Text messages and other forms of electronic communication enjoy exclusion from being considered a record in Dougall’s bill, a measure he says is meant to update the GRAMA law, which could not anticipate such technology when it was drafted in 1991.

“In the old days you picked up a phone and talked to somebody; that’s what texting is like today,” Dougall says. “That’s why I wanted to put texting in as ‘not a record.’ ”

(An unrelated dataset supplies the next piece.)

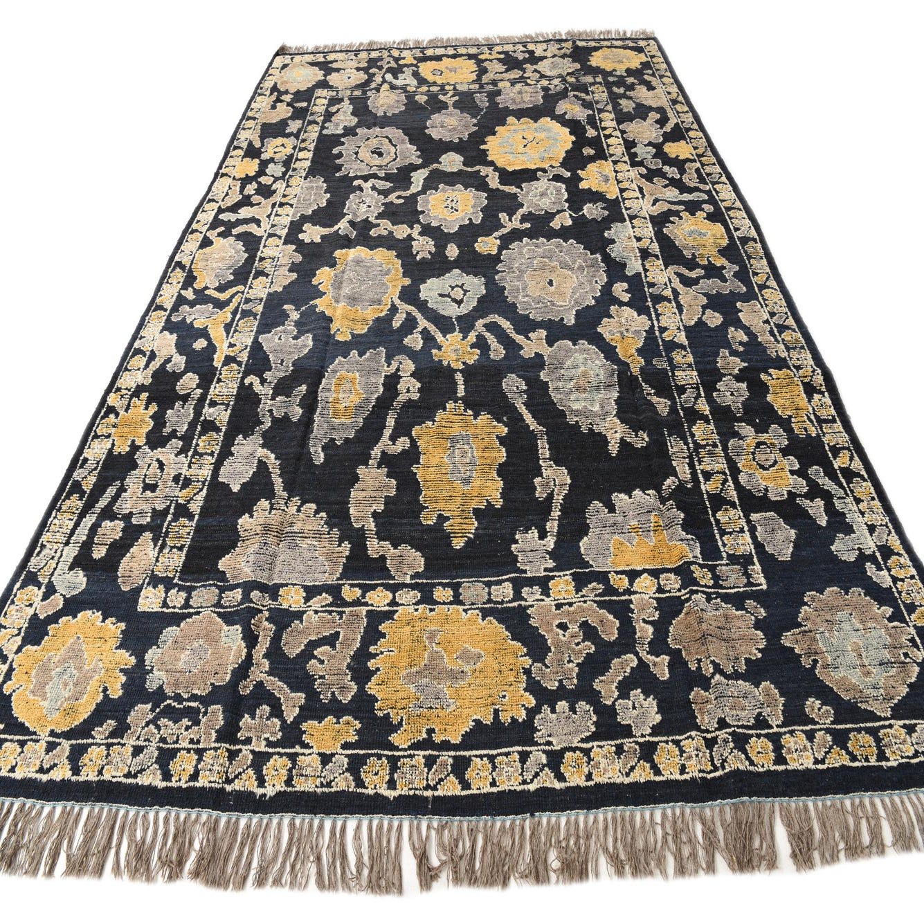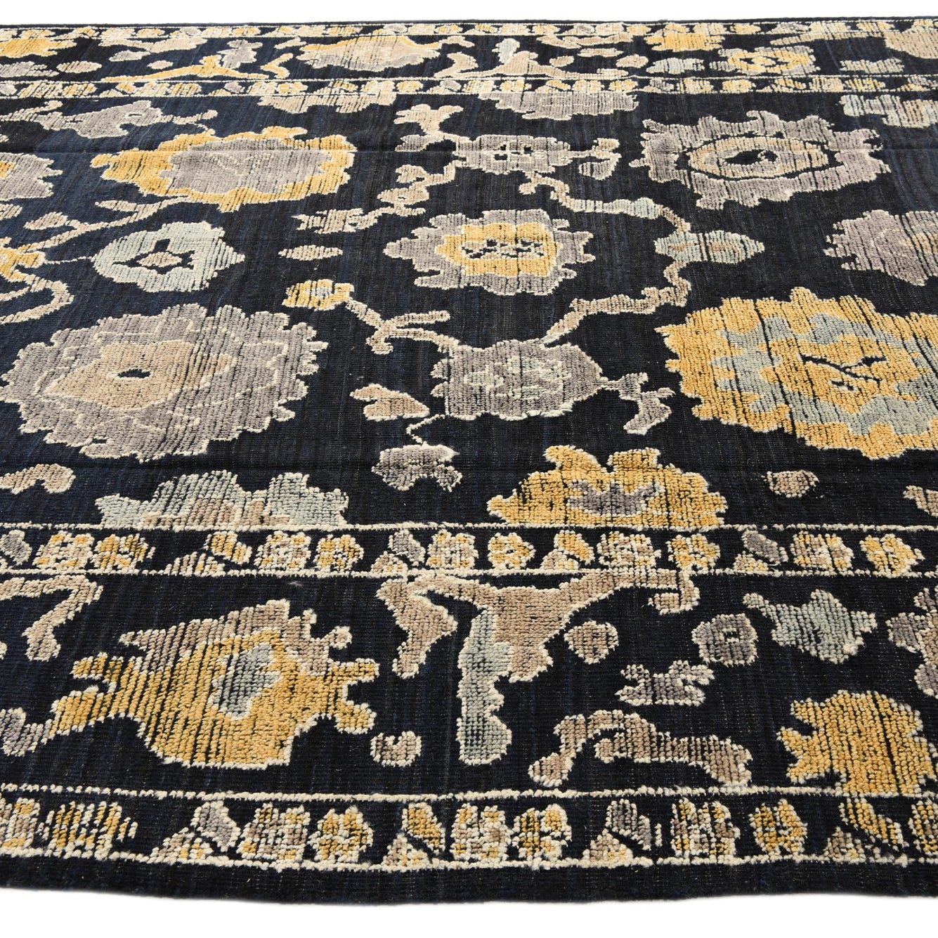 A 9x12 rectangular Oushak rug in black, featuring a modern abstract floral pattern in gold, grey, and light blue tones, with fringed ends.

Critics worry that Utah would stand alone as the only state to rule such messages as not being records, and that to do so would redirect secret conversations through text messages.

In September 2010, ABC 4 reporter Chris Vanocur used a GRAMA request to obtain a text message that was sent by the attorney for former Senate Majority Leader Sheldon Killpack to the Utah Attorney General’s Office. Killpack received a ticket for driving under the influence and was fighting to keep his driver’s license, despite having a reported blood alcohol level of .11. In the records Vanocur obtained was a text message Killpack’s attorney sent to a legislative liaison to the Attorney General’s Office that read: “Sheldon thinks you might be able to persuade Shurtleff to help w the length of his suspension. Anything to that? [sic]” The request was rejected by both a deputy attorney general as well as Attorney General Mark Shurtleff.

While Dougall acknowledges these kinds of interactions happen through e-mails and text messages, he believes they happen infrequently. “My contention is that these conversations take place in the hallways, not in e-mails. They’re in a process where there aren’t records anyway.” He also argues that even with current legal privacy protections, journalists and their attorney can still attempt to obtain private information.

“There’s a potential that they can be [disclosed],” Dougall says.

For Campbell, however, the current government-records law has provisions that have protected personal privacy well for the past two decades. He believes there’s a simple reason legislators keep repeating the constituent-privacy claim in arguing for Dougall’s bill.

“I think it’s a red herring,” Campbell says. “It’s meant to scare constituents.”